Plouédern [pluedɛʁn] est une commune du département du Finistère, dans la région Bretagne, en France.

Sommaire

GéographieModifier

 
Carte de la commune de Plouédern

DescriptionModifier

La commune de Plouédern est située dans le Léon, partie nord du département du Finstère, juste au nord de la ville de Landerneau. Son finage est délimité au sud-est par le fleuve côtier Élorn, à l'est et au sud-ouest par deux petits affluents de rive droite de ce dernier ; à l'ouest et au nord-ouest ce sont des ruisseaux affluents de rive gauche de l'Aber-Wrac'h qui lui servent de limite avec les communes de Ploudaniel, Saint-Thonan et Trémaouézan.
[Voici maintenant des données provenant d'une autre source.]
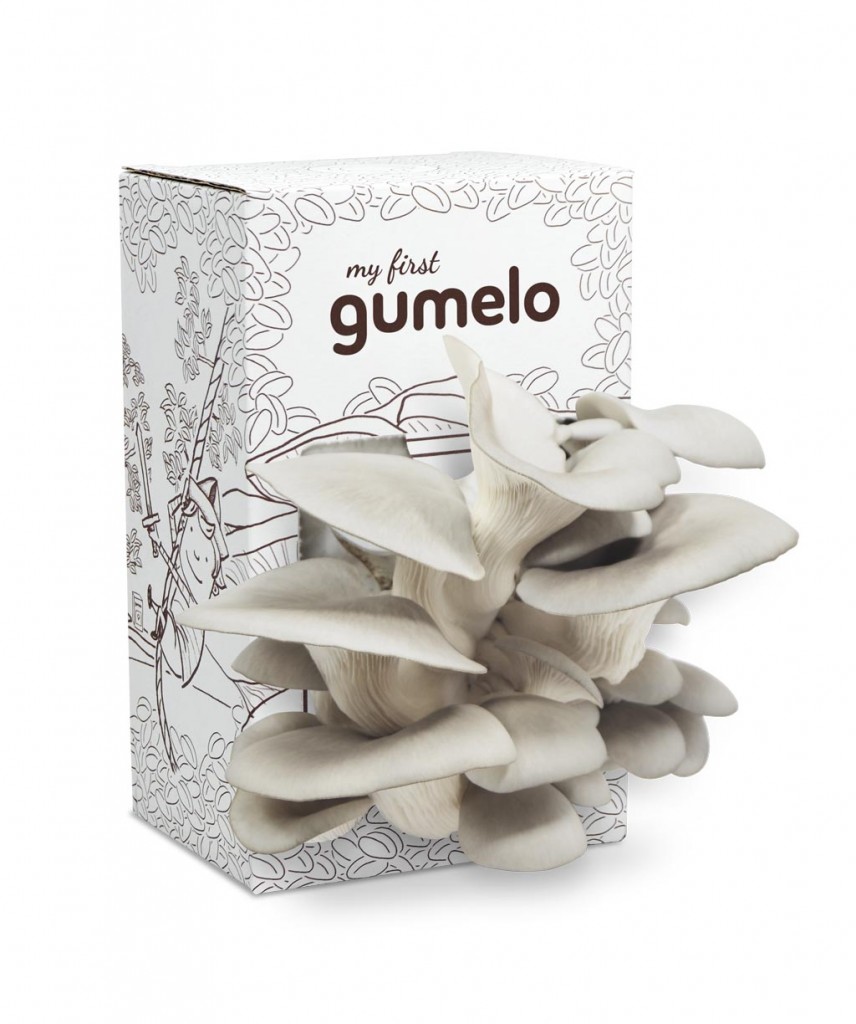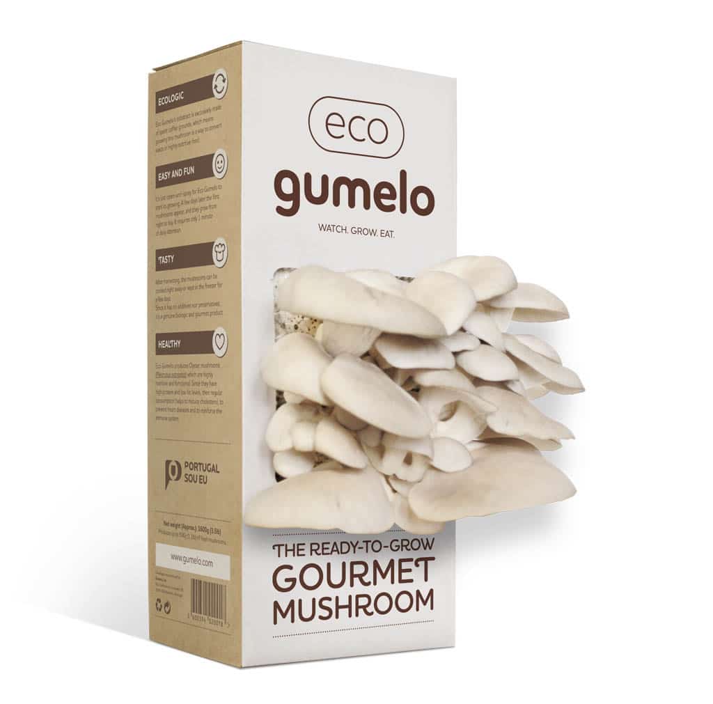 Almeirim is bekend voor zijn restaurants. Het team van Gumelo vindt de koffiedrab die ze nodig heeft bij de verschillende etablissementen. Vervolgens wordt er min of meer op artisanale wijze ingezaaid. De koffiedrab en myceliums worden dan hermetisch afgesloten in een zak, die in een doos wordt gestoken. Tiago deed een uitstekende job door een aantrekkelijke verpakking te ontwerpen in gerecycleerd karton en door enkel inkt op basis van water te gebruiken, geheel in lijn met het marketingconcept. Alles wat u nodig heeft, is de doos. U opent ze, steekt met een mes door de zak, verstuift er tweemaal per dag water overheen en spoedig zult u lekkere oesterzwammen kunnen oogsten.

La partie sud du territoire communal (le quartier de Kergoat) est désormais englobée dans l'agglomération de Landerneau dont elle forme un quartier périphérique.

L'essentiel du territoire communal est constitué d'un morceau du plateau du Léon, compris entre 60 mètres et une centaine de mètres d'altitude, atteignant même 110 mètres dans la zone industrielle de Saint-Éloi ; ce plateau est toutefois échancré, principalement dans la partie méridionale de la commune, par les vallées des affluents de l'Élorn et qui dessinent un relief en creux atteignant seulement 8 mètres d'altitude dans la vallée même de l'Élorn, où se trouve l'usine de traitement des eaux de Pont-ar-Bled, qui alimente en eau potable la ville de Brest et une bonne partie du Pays de Brest[1].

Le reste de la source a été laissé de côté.